= Tim9-Tim10 complex =

Tim9 and Tim10 make up the group of essential small Tim proteins that assist in transport of hydrophobic precursors across the intermembrane space in mammalian cells. Both Tim9 and Tim10 form a hexamer, the Tim9-Tim10 complex, that when associated, functions as a chaperone to assist translocation of preproteins from the outer mitochondrial membrane to the translocase of the inner membrane. The functional Tim9-Tim10 complex not only directs preproteins to the inner mitochondrial membrane in order to interact with the TIM22 complex, but also guides β-barrel precursor proteins to the sorting and assembly machinery (SAM) of the outer membrane.

==Structure of the Tim9-Tim10 complex==
The Tim9-Tim10 complex is made up of three Tim9 molecules and three Tim10 molecules. Each Tim9 and Tim10 subunit consists of 80-110 amino acid residues with four conserved cysteine residues that form two intramolecular disulfide bonds. Each subunit folds into a helix-loop-helix structure, with each loop forming a donut shape that comprises the upper face of the complex. The structure of the Tim9-Tim10 complex takes on the form of an α-propeller, with two helical blades radiating from a narrow central pore.

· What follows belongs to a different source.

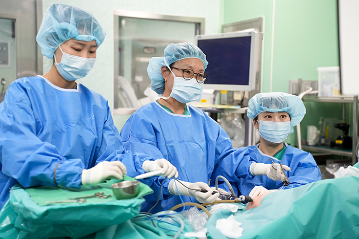 [사진2] 부산백병원 소아외과 남소현 교수(가운데)가 소아탈장 수술을 집도하고 있다. (*본 기사내용과 무관함)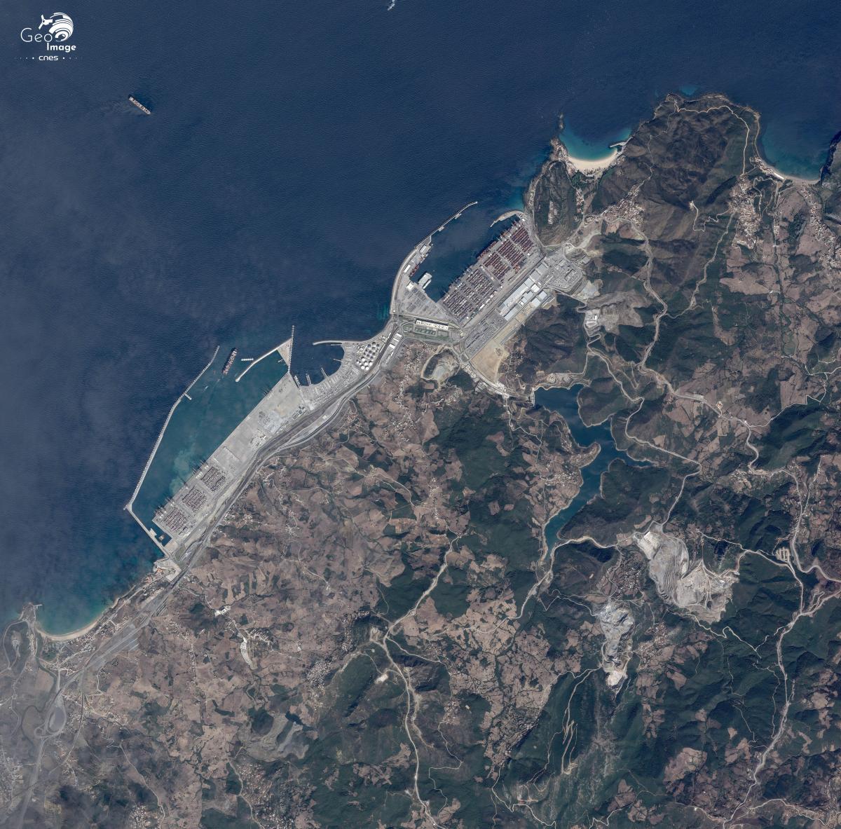 Les différents espaces portuaires se distinguent bien depuis l’espace. Tout au sud, le port de Ksar Sghir, encore isolé du reste du complexe, abrite une base de la Marine Royale depuis 2008, en lien avec le développement des activités de Tanger-Med et plus largement avec la surveillance de la navigation dans le détroit de Gibraltar.

==Biogenesis of the small Tims==
Small Tim proteins are synthesised lacking a cleavable presequence, but instead containing internal targeting information and need to be imported to the intermembrane space. The intermembrane space import and assembly machinery (MIA) is believed to mediate transport of the small Tim precursors into the intermembrane space subcompartment. MIA is composed of two main essential cysteine-rich proteins; Mia40 and Erv1. Mia40 is also referred to as Tim40 in yeast and deficiency of Mia40 has been reported to affect import of the small Tims. Mia40 is anchored to the mitochondrial inner membrane via an N-terminal hydrophobic segment, exposing a large domain to the intermembrane space. It contains 6 conserved cysteine residues, which allow the binding of incoming Tim precursor proteins. Following import of small Tim proteins into the intermembrane space Mia40 interacts with small Tim proteins via disulfide bonds. Following isomerisation of the disulfide bridge, the polypeptide is released. Mia40 which is now in reduced state, is then oxidised by Erv1. This oxidation step is vital to facilitate further rounds of precursor protein import. Without Erv1 activity, reduced Mia40 accumulates and is in inactive conformation. Interaction between the incoming precursor proteins, Mia40 and Erv1, is maintained as a result of a flow of electrons that are transferred from the incoming protein to Mia40 and from reduced Mia40 to oxidised Erv1. Precursors are then released in oxidised state and form disulfide bridges which prevents their escape out of the intermembrane space. Small Tim proteins are then maintained in active conformation within the intermembrane space by Hot13 (helper of Tims). It is possible that Hot13 may have reducing effects on small Tim proteins as they counterbalance the harmful effects that oxidative agents exhibit.